Since Joe Biden’s inauguration in January 2021, there have been alarming trends in detentions and deportations undertaken by Immigration and Customs Enforcement (ICE), according to the National Immigrant Justice Center (NIJC). For instance, the daily number of people detained has gone up 140 percent. Now there are 37,000 people locked up every day, up from 15,000 in 2021. And 90 percent of those people have been held in detention centers operated by private, for-profit companies in more than 190 prisons across the United States (a number that went up considerably during the Trump years).
According to the Snapshot of ICE Detention: Inhumane Conditions and Alarming Expansion, an NIJC briefing released last week, these facilities are notoriously abusive.
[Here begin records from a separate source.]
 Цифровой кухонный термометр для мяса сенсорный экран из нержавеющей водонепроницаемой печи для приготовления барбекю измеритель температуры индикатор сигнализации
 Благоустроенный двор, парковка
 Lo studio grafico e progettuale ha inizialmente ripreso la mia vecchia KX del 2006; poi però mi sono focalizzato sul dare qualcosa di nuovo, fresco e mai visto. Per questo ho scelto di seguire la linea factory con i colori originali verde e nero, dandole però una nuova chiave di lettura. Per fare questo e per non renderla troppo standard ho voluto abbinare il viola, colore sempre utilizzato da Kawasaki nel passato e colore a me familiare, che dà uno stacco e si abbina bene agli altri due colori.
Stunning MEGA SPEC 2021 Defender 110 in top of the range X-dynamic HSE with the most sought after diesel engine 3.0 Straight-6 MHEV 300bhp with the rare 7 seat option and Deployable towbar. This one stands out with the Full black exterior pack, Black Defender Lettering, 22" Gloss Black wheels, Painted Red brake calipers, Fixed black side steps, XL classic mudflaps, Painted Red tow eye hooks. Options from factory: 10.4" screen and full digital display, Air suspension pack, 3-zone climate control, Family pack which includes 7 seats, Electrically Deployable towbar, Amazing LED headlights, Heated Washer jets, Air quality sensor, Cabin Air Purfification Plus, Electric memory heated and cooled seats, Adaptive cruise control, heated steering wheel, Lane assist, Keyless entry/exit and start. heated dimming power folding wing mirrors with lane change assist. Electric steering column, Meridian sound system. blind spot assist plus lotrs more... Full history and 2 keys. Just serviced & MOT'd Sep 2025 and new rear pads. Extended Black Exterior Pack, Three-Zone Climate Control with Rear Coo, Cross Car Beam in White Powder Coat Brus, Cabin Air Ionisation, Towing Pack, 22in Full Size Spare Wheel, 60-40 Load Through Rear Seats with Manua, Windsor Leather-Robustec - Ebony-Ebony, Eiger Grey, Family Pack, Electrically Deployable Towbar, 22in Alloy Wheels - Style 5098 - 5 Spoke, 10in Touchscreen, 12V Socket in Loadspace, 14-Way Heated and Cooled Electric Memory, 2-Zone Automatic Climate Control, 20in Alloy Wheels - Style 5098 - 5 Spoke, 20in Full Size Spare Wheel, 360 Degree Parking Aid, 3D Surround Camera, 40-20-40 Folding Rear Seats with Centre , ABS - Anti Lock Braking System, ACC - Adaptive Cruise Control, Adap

Since 2021, 23 people have died in ICE custody, and there has been a 50 percent increase in solitary confinement. Now the Biden administration has requested proposals from private industry to further increase detention space.
This is why today The Border Chronicle is talking with the NIJC’s senior policy analyst, Jesse Franzblau. He conducts investigative research on rights abuses in the U.S.-Mexico borderlands for the organization’s Transparency and Human Rights Project.
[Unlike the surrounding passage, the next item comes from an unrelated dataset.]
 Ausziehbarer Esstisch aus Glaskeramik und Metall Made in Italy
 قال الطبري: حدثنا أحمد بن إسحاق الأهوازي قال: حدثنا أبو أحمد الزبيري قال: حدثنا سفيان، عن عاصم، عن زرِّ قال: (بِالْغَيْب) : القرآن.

Franzblau and the NIJC were part of a large coalition of rights organizations, accompanied by past detainees, who converged on Washington on September 23 for a national day of action and advocacy. The coalition called for the Biden administration to halt its plans to open new detention prisons and expand deportations, to close down detention centers known for rampant abuse, and to release incarcerated people and allow them to navigate their cases outside the prison walls.
Franzblau talks about all this, and much more, on today’s podcast. He said the immigration detention and deportation apparatus “hasn’t always been this way. It was in the ’80s when it started to take shape during the Reagan administration, then during the ’90s it grew even further, and it grew directly parallel to the growth of the mass-incarceration system.” And now federal funding for ICE detention is five times what it was two decades ago.